◆ **RECORDS PROVIDED**
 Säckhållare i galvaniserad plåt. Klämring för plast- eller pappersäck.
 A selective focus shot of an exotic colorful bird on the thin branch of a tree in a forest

---

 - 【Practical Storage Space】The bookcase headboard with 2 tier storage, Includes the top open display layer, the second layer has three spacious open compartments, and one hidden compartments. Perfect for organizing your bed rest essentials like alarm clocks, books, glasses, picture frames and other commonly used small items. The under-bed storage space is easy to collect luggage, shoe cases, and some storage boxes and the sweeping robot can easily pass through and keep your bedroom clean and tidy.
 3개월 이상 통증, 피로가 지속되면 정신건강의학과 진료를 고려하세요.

◆ **BRIEF**
From the records above, repeat exactly the lines from the one with "Säckhållare i galvaniserad" through the one with "A selective focus", both included.

◆ **RESPONSE FOR THIS EXERCISE**
 Säckhållare i galvaniserad plåt. Klämring för plast- eller pappersäck.
 A selective focus shot of an exotic colorful bird on the thin branch of a tree in a forest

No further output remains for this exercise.